■ Task statement
Leave out each picture. Repeat everything else in the records exactly.
Start of The data
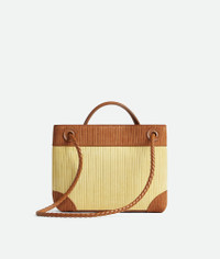 Product Details - Small bi-color corduroy effect suede top handle bag with sliding cross-body strap - Compartmented interior with one zipped pocket, one open pocket - Magnetic closure - Lining: Lambskin - Color: Butter/Amber - Hardware: Brass finish - Made in: Italy - Product code: 856004V65H19310 Material - Material: Calfskin Size & Fit - Height: 20 cm (7.9") - Width: 25 cm (9.8") - Depth: 10 cm (3.9") - Handle drop: 6 cm (2.4") - Strap drop: 50 cm (19.7")
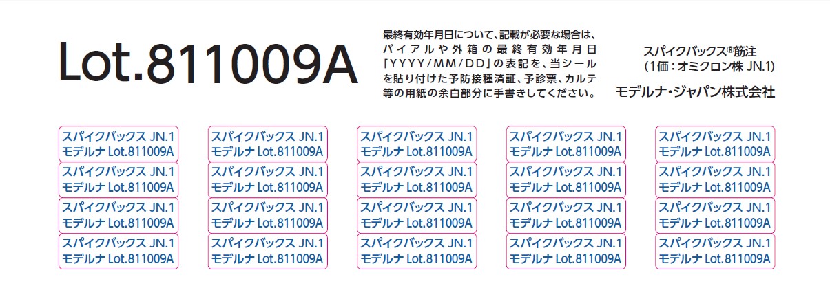 MDVロットシール_811009A(1価:オミクロン株 JN.1)
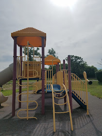 The pavilion was next to the playground but it was small with no tables or chairs, which was strange.
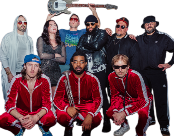 Forged in 2023 from a core of seasoned former bandmates, Funk’d Up is a powerhouse nine-piece ensemble dedicated to reviving the electrifying sounds of funk and disco. This isn't just a cover band; it's a full-sensory trip back to the era of spinning disco balls and light-up dance floors, delivered with modern precision and passion.
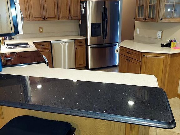- Open concept kitchen with oak cabinets, quartz countertops, tile flooring and stainless steel appliances
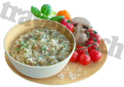 Travellunch Mahlzeiten sind aus guten, gefriergetrockneten und kontrollierten Zutaten hergestellt. Sie sind extrem leicht und unkompliziert zu transportieren, zwei Jahre ungekühlt haltbar und schnell zuzubereiten. 125 g reichen in etwa für eine Mahlzeit für eine Person. Perfekt und bewährt für Reise, Camping, Expedition oder als Notreserve. Zutaten: Reis 49 %, Rindfleisch 8 %, Palmfett, modifizierte Stärke, Maltodextrin, Sahnepulver, Butterpulver, Speisesalz, Champignons, Molkeneiweiß, Hefeextrakt,…
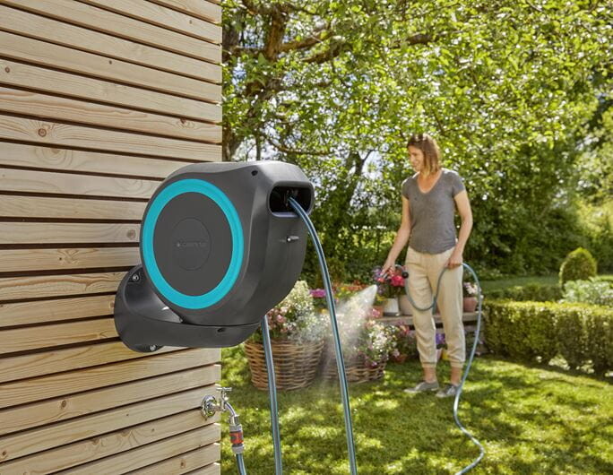 Dank der Schlauch- und Wasserhahnanschlüsse des Original Gardena Systems können Sie ganz einfach und flexibel eine Verlängerung oder ein anderes kompatibles Gardena-Element an den Schlauch anschließen. Schlauchaufsätze wie Düsen, Düsen und Waschbürsten können unter der Wandhalterung befestigt und aufbewahrt werden, sodass Sie sie immer griffbereit haben.
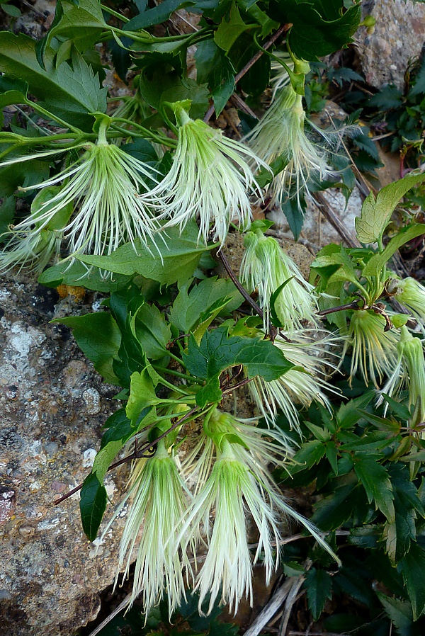 Вечнозелёный кустарник с усиками, цепкое растение, до 4 м и более в высоту. Листья объединены в пучки. Цветы, колокольчатые и подвесные, одиночные или в группах по 2 или 3, пахнут мёдом, большие, на длинной ножке, желтовато-белые, мохнатые, иногда усеяны красным. Цветёт зимой и весной (февраль-март). Плоды семянки.
End of The data
■ Response to this task
 Product Details - Small bi-color corduroy effect suede top handle bag with sliding cross-body strap - Compartmented interior with one zipped pocket, one open pocket - Magnetic closure - Lining: Lambskin - Color: Butter/Amber - Hardware: Brass finish - Made in: Italy - Product code: 856004V65H19310 Material - Material: Calfskin Size & Fit - Height: 20 cm (7.9") - Width: 25 cm (9.8") - Depth: 10 cm (3.9") - Handle drop: 6 cm (2.4") - Strap drop: 50 cm (19.7")
 MDVロットシール_811009A(1価:オミクロン株 JN.1)
 The pavilion was next to the playground but it was small with no tables or chairs, which was strange.
 Forged in 2023 from a core of seasoned former bandmates, Funk’d Up is a powerhouse nine-piece ensemble dedicated to reviving the electrifying sounds of funk and disco. This isn't just a cover band; it's a full-sensory trip back to the era of spinning disco balls and light-up dance floors, delivered with modern precision and passion.
- Open concept kitchen with oak cabinets, quartz countertops, tile flooring and stainless steel appliances
 Travellunch Mahlzeiten sind aus guten, gefriergetrockneten und kontrollierten Zutaten hergestellt. Sie sind extrem leicht und unkompliziert zu transportieren, zwei Jahre ungekühlt haltbar und schnell zuzubereiten. 125 g reichen in etwa für eine Mahlzeit für eine Person. Perfekt und bewährt für Reise, Camping, Expedition oder als Notreserve. Zutaten: Reis 49 %, Rindfleisch 8 %, Palmfett, modifizierte Stärke, Maltodextrin, Sahnepulver, Butterpulver, Speisesalz, Champignons, Molkeneiweiß, Hefeextrakt,…
 Dank der Schlauch- und Wasserhahnanschlüsse des Original Gardena Systems können Sie ganz einfach und flexibel eine Verlängerung oder ein anderes kompatibles Gardena-Element an den Schlauch anschließen. Schlauchaufsätze wie Düsen, Düsen und Waschbürsten können unter der Wandhalterung befestigt und aufbewahrt werden, sodass Sie sie immer griffbereit haben.
 Вечнозелёный кустарник с усиками, цепкое растение, до 4 м и более в высоту. Листья объединены в пучки. Цветы, колокольчатые и подвесные, одиночные или в группах по 2 или 3, пахнут мёдом, большие, на длинной ножке, желтовато-белые, мохнатые, иногда усеяны красным. Цветёт зимой и весной (февраль-март). Плоды семянки.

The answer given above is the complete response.